# Teoria Sprint 5. METODES DE MOSTREIG
SOURCES: https://catalogofbias.org/  <br>
https://towardsdatascience.com/the-5-sampling-algorithms-every-data-scientist-need-to-know-43c7bc11d17c

## - TYPES ---------------------------------------------------------------------------------
### A) Probability sampling
Using random selection to choose the sample.
#### <b><span class="mark">1. Simple random sampling</span></b><br>
Fully randomly, we pick the sample from the population with no criteria nor previous sort.

#### <b><span class="mark">2. Systematic sampling</span></b><br>
Every member of the population is listed with a number, but instead of randomly generating numbers, individuals are chosen at regular intervals.

#### 3. Stratified sampling
You divide the population into subgroups (called strata) based on the relevant characteristic (e.g. gender, age range, income bracket, job role). Then you use random or systematic sampling to select a sample from each subgroup.

#### 4. Cluster sampling
Cluster sampling also involves dividing the population into subgroups, but instead of sampling individuals from each subgroup, you randomly select entire subgroups. Example: The company has offices in 10 cities across the country (all with roughly the same number of employees in similar roles). You don’t have the capacity to travel to every office to collect your data, so you use random sampling to select 3 offices – these are your clusters.
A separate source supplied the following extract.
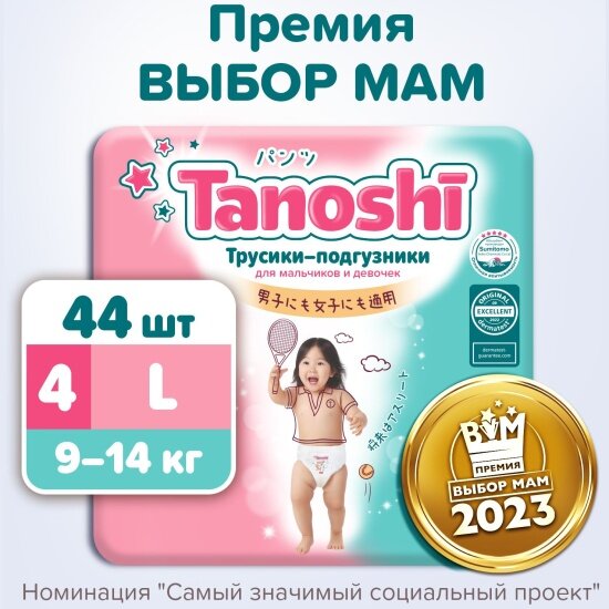 Tanoshi Трусики-подгузники для детей, размер L 9-14 кг, 44 шт.

### B) Non-probability sampling
Not picking a sample by random criteria, but based on one.
#### 1. Convenience sampling
A convenience sample simply includes the individuals who happen to be most accessible to the researcher.

#### 2. Voluntary response sampling
Similar to a convenience sample, but instead of the researcher choosing participants and directly contacting them, people volunteer themselves.

#### 3. Purposive (judgement) sampling
Example: you want to know more about the opinions and experiences of disabled students at your university, so you <b>purposefully select </b> a number of students with different support needs in order to gather a varied range of data on their experiences with student services.

#### 4. Snowball sampling
If the population is hard to access, snowball sampling can be used to recruit participants via other participants.
Example: you are researching experiences of homelessness in your city. Since there is no list of all homeless people in the city, probability sampling isn’t possible. You meet one person who agrees to participate in the research, and she puts you in contact with other homeless people that she knows in the area.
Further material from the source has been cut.